The subject, tool, object activity.
Furthermore, CHAT, as a broad model, is concerned with human activity within a particular culture; it places “culture and activity at the centre of attempts to understand human nature” (Holzman, 2006, p. 6). However, it is crucial to note that culture is like a chameleon in that it changes in response to the environment. It also depicts people’s responses to the systemic and structural circumstances, where racial domination and an oppressive agenda over minorities in terms of power find expression. It is also pertinent to note that new cultures are designed through understanding possible human responses to external pressures. To this, Wilcox (2023) cautions against the so-called Black culture in her article “Oppression Is Not ‘Culture’: The Need to Center Systemic and Structural Determinants to Address Anti-Black Racism and Racial Trauma in Psychotherapy.” A convincing example is that of the colonialism and apartheid system, which, by design, created a culture of inferiority and self-loathing by enforcing people to remain in squalor with very limited resources to induce dependency on white people, perpetual stress, and aggression in the pursuit of survival.

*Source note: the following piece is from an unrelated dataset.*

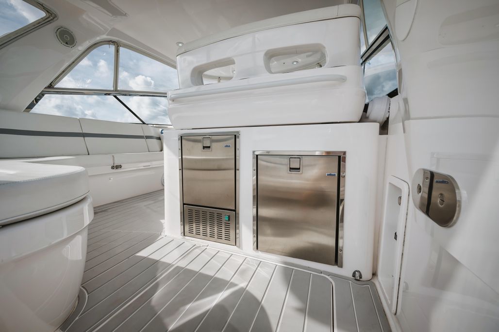 The helm is fully outfitted with top-tier electronics, including Garmin, Fusion, FLIR, and Yamaha, all complemented by helm air conditioning for ultimate comfort. 100 sq. ft. of open cockpit provides ample space for fishing, diving, or sunbathing.
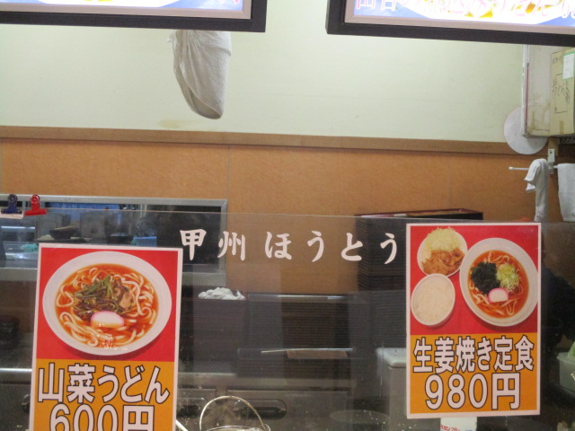 とても賑わっていて人が一杯。天気のよい土曜日の昼下がりです。ちょっと休憩しようにも席がなかなか取れない。やっと席を確保して注文に向かうも、なかなか時間がかかります。レジが遅い・・電子マネーがあまり使えないから?ネクスコでメインで使えるはずのワオンが使えず・・エディなのかな?注文終わって呼び出しベルを持たされましたが、なかなか出来ない・・でも、名物のほうとう食べられました。

Within the apartheid system, the Group Areas Act 41 of 1950 and the homeland system that was created for Black people hindered freedom of movement and created helplessness and stuckness in resource-scarce and barren land allocated for ethnic groups, normalising the culture of othering. It is imperative for psychotherapy to continuously interrogate the so-called “Black culture” or the “minority culture” as that which may mean activities that emerged out of well-designed and contemplated oppressive strategies, yielding tensions in pursuit of survival. In line with this argument, a striking observation is that the colonisers’ descendants make no reference to their culture but instead speak more of livelihood and survival as the dominant narrative of their activity.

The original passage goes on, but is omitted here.